Collected data:
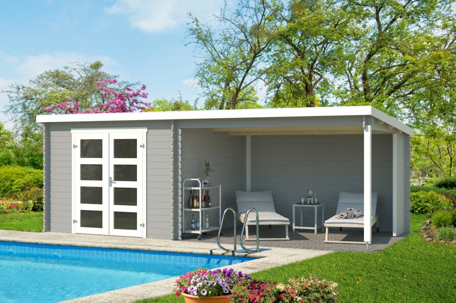 Gartenhaus NOVIA PLUS – lichtgrau – Fichte massiv – 600×275 cm
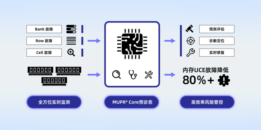 元脑服务器第八代算力平台全新升级的内存故障智能预警修复技术MUPR,从单端预警升级为BIOS、BMC两级防护,通过对上万台服务器故障数据的建模分析和AI模型算法的训练,实现了对内存UCE故障的精准预测和实时修复。
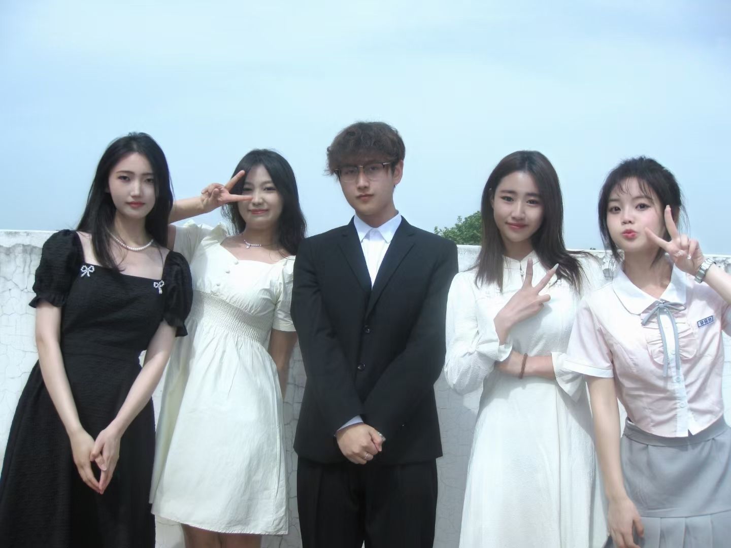 大家随意站成一排 有人自然搭肩
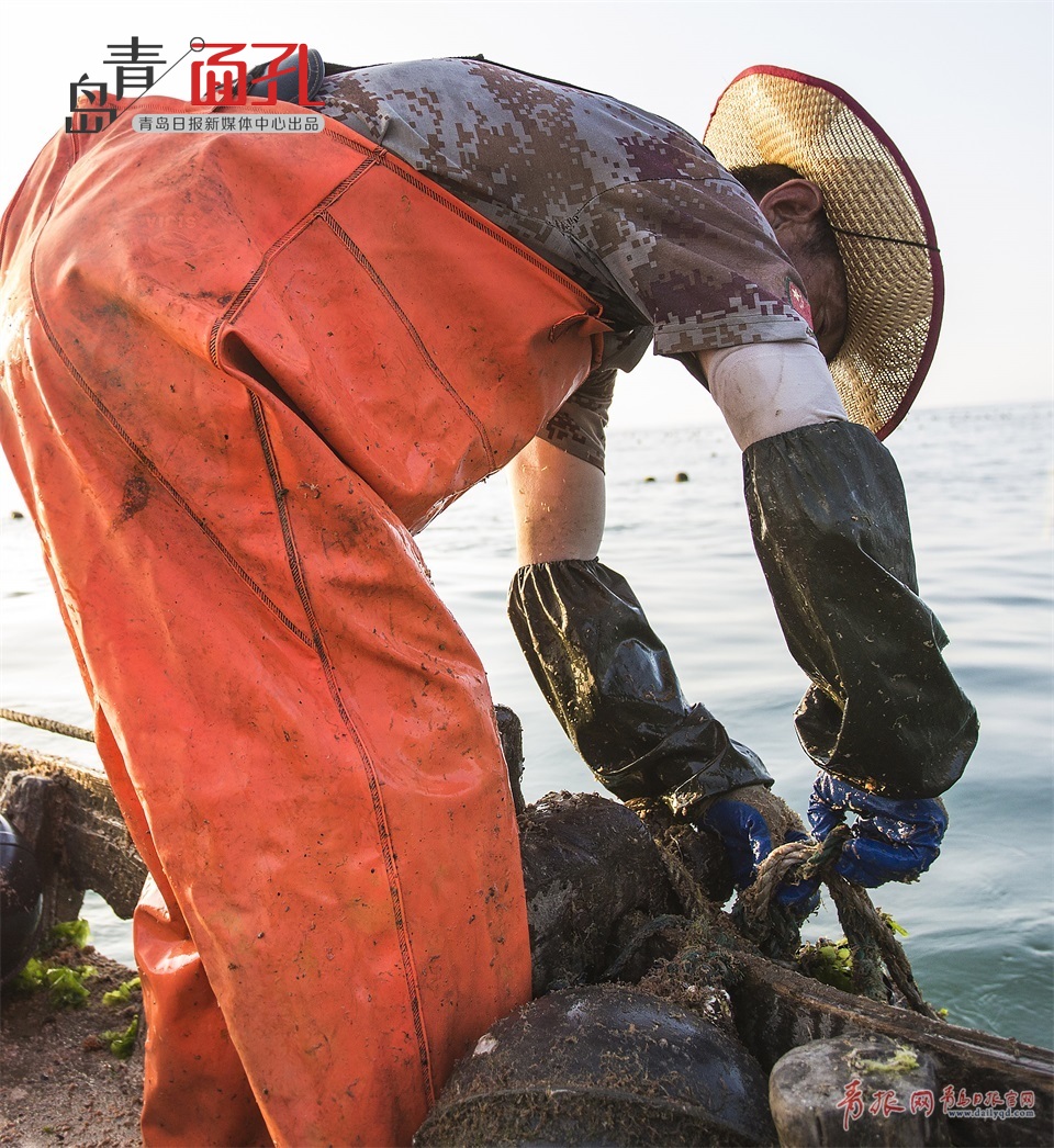 一方水土一方人,青島人一直懂得如何獲取自然的饋贈(zèng)??可匠陨?,靠海吃海,亙古不變,一地獨(dú)有的獲取食材的方式,創(chuàng)造出了親切的滋味,在鄉(xiāng)音的繚繞中,講述著我們?nèi)粘I畹臍v史。圖為老林一家人將扇貝從籠子里倒出來。
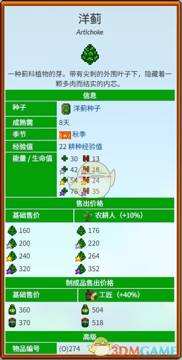 洋蓟是星露谷物语游戏内的蔬菜类农作物,可种植洋蓟种子,在第8天后即可成熟,洋蓟的种子是咋第二年秋季前往皮埃尔的杂货店内购买获取的,洋蓟可以给NPC赠送提升好感度,还可以制作食物,那么洋蓟的具体获得方法是什么呢?小编整理了《星露谷物语》洋蓟获得方法,一起来看看吧。
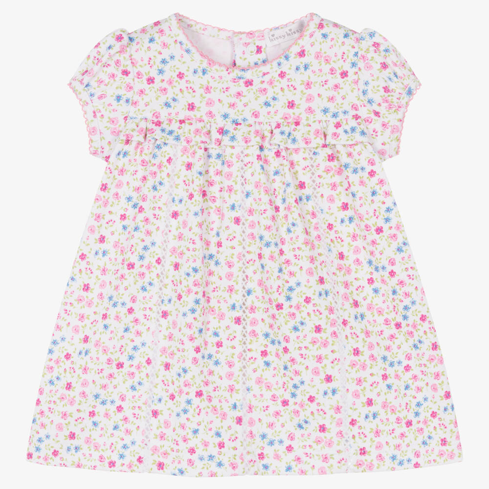 White dress for baby girls by Kissy Kissy, with a pretty pink and blue floral print on a white background and pink picot trims. Made in super soft and comfortable Pima cotton jersey, it has pretty puffed sleeves, a frill across the bodice and cross-stitch detailing on the skirt. It fastens with easy-to-use poppers around the back and comes with useful bloomers that have gently elasticated, frilled cuffs.
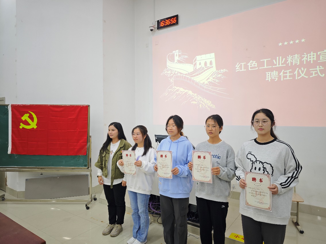 全体起立奏唱国歌,激昂的旋律在会场回荡,开班典礼的帷幕由此拉开。学院团总支书记云玲老师首先介绍了团组织推荐入党积极分子人选情况,并为学院第二次红色工业精神宣讲团成员颁发聘书,鼓励他们当好红色工业精神宣传员,引导传承和发扬“艰苦创业、无私奉献、团结协作、勇于创新”的三线精神。专职组织员冯雯雯老师详细介绍了本期入党积极分子培训班的基本情况、培训日程安排,培训班涵盖理论素养提升、党性实践教育和学习体悟分享等内容,通过专题报告、小组研讨、红色观影、志愿服务、校内外红色教育基地参观学习等形式提升培训质量效果,并进一步强调了党校纪律要求和学习结业要求。
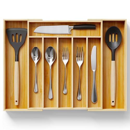 AUJEN - منظم ادراج للاواني من الخيزران قابل للتوسيع | صندوق تخزين ادوات المائدة الخشبي الفاخر لتنظيم المطبخ الأنيق
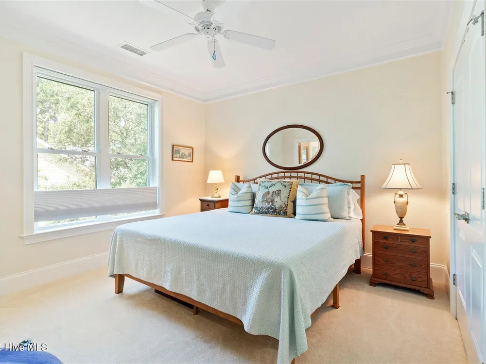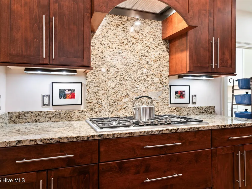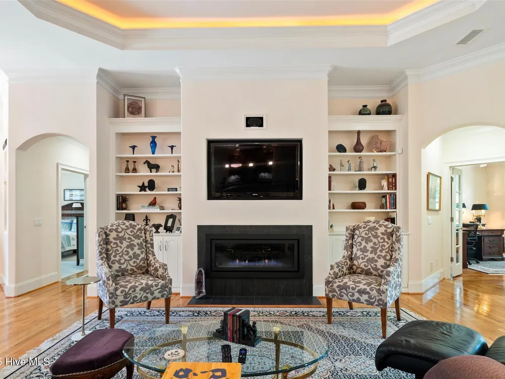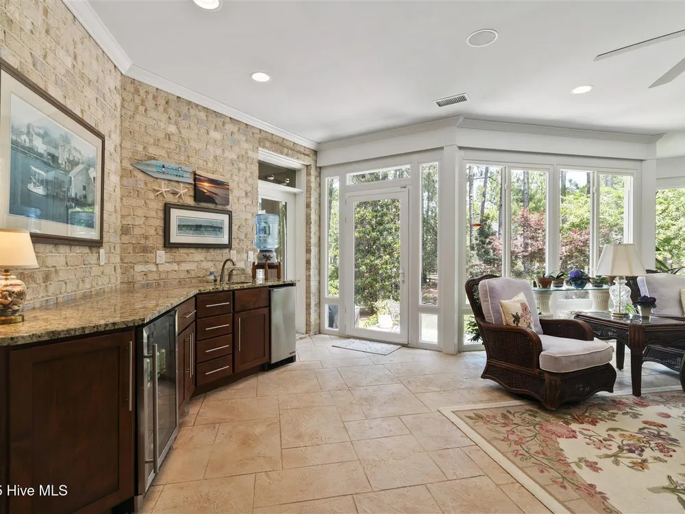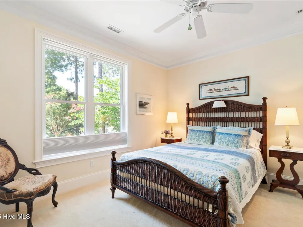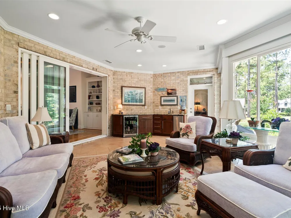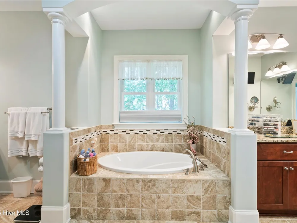 Enter through the gorgeous front door and discover elegance at its best! Gleaming Hardwood floors, a popular Open Floor Plan and large Sunlit rooms in over 4,000 square feet. The formal Dining room with a large beautiful window, wainscoting, trey ceiling with accent lighting opens to a spacious Great room. A very attractive Linear Gas Fireplace surrounded by built-ins and another trey ceiling with accent lighting makes this the perfect entertainment space. The Kitchen seamlessly blends functionality and style. Stainless steel appliances, two pantries, pull-out drawers, Thermador gas cooktop, KitchenAid double ovens, granite countertops and Food Prep Island are a chef's dream. You will love the Breakfast area with a beautiful built-in Display cabinet. The Carolina Room with telescoping glass doors opens to a large space that is inviting, light-filled and comfortable with backyard Nature views. Wet bar with beverage cooler and ice maker add to easy living! The Owners Suite is serene and spacious with a large closet. The spa-like Bath is generous with a heated floor, two vanities, granite countertops and a large tile shower. A large Laundry is conveniently located outside the Owners Suite. The split floor plan has two Guest Bedrooms and a full Bath affording privacy for you and your guests. A home Office and Powder room are also located on the main level. The outdoor Patio is located off the Carolina Room. Upstairs is a Flex Space with a full Bath and walk-in Closet that can be used as an additional bedroom or whatever you prefer. Garage is oversized and includes a conditioned storage room. A new Roof was installed in 2024. Please see upgrade list in Documents. Welcome Home to Coastal North Carolina!

# DIRECTIONS
Leave the pictures out and reproduce every record above exactly.

# PROBLEM SOLUTION
 Gartenhaus NOVIA PLUS – lichtgrau – Fichte massiv – 600×275 cm
 元脑服务器第八代算力平台全新升级的内存故障智能预警修复技术MUPR,从单端预警升级为BIOS、BMC两级防护,通过对上万台服务器故障数据的建模分析和AI模型算法的训练,实现了对内存UCE故障的精准预测和实时修复。
 大家随意站成一排 有人自然搭肩
 一方水土一方人,青島人一直懂得如何獲取自然的饋贈(zèng)??可匠陨?,靠海吃海,亙古不變,一地獨(dú)有的獲取食材的方式,創(chuàng)造出了親切的滋味,在鄉(xiāng)音的繚繞中,講述著我們?nèi)粘I畹臍v史。圖為老林一家人將扇貝從籠子里倒出來。
 洋蓟是星露谷物语游戏内的蔬菜类农作物,可种植洋蓟种子,在第8天后即可成熟,洋蓟的种子是咋第二年秋季前往皮埃尔的杂货店内购买获取的,洋蓟可以给NPC赠送提升好感度,还可以制作食物,那么洋蓟的具体获得方法是什么呢?小编整理了《星露谷物语》洋蓟获得方法,一起来看看吧。
 White dress for baby girls by Kissy Kissy, with a pretty pink and blue floral print on a white background and pink picot trims. Made in super soft and comfortable Pima cotton jersey, it has pretty puffed sleeves, a frill across the bodice and cross-stitch detailing on the skirt. It fastens with easy-to-use poppers around the back and comes with useful bloomers that have gently elasticated, frilled cuffs.
 全体起立奏唱国歌,激昂的旋律在会场回荡,开班典礼的帷幕由此拉开。学院团总支书记云玲老师首先介绍了团组织推荐入党积极分子人选情况,并为学院第二次红色工业精神宣讲团成员颁发聘书,鼓励他们当好红色工业精神宣传员,引导传承和发扬“艰苦创业、无私奉献、团结协作、勇于创新”的三线精神。专职组织员冯雯雯老师详细介绍了本期入党积极分子培训班的基本情况、培训日程安排,培训班涵盖理论素养提升、党性实践教育和学习体悟分享等内容,通过专题报告、小组研讨、红色观影、志愿服务、校内外红色教育基地参观学习等形式提升培训质量效果,并进一步强调了党校纪律要求和学习结业要求。
 AUJEN - منظم ادراج للاواني من الخيزران قابل للتوسيع | صندوق تخزين ادوات المائدة الخشبي الفاخر لتنظيم المطبخ الأنيق
 Enter through the gorgeous front door and discover elegance at its best! Gleaming Hardwood floors, a popular Open Floor Plan and large Sunlit rooms in over 4,000 square feet. The formal Dining room with a large beautiful window, wainscoting, trey ceiling with accent lighting opens to a spacious Great room. A very attractive Linear Gas Fireplace surrounded by built-ins and another trey ceiling with accent lighting makes this the perfect entertainment space. The Kitchen seamlessly blends functionality and style. Stainless steel appliances, two pantries, pull-out drawers, Thermador gas cooktop, KitchenAid double ovens, granite countertops and Food Prep Island are a chef's dream. You will love the Breakfast area with a beautiful built-in Display cabinet. The Carolina Room with telescoping glass doors opens to a large space that is inviting, light-filled and comfortable with backyard Nature views. Wet bar with beverage cooler and ice maker add to easy living! The Owners Suite is serene and spacious with a large closet. The spa-like Bath is generous with a heated floor, two vanities, granite countertops and a large tile shower. A large Laundry is conveniently located outside the Owners Suite. The split floor plan has two Guest Bedrooms and a full Bath affording privacy for you and your guests. A home Office and Powder room are also located on the main level. The outdoor Patio is located off the Carolina Room. Upstairs is a Flex Space with a full Bath and walk-in Closet that can be used as an additional bedroom or whatever you prefer. Garage is oversized and includes a conditioned storage room. A new Roof was installed in 2024. Please see upgrade list in Documents. Welcome Home to Coastal North Carolina!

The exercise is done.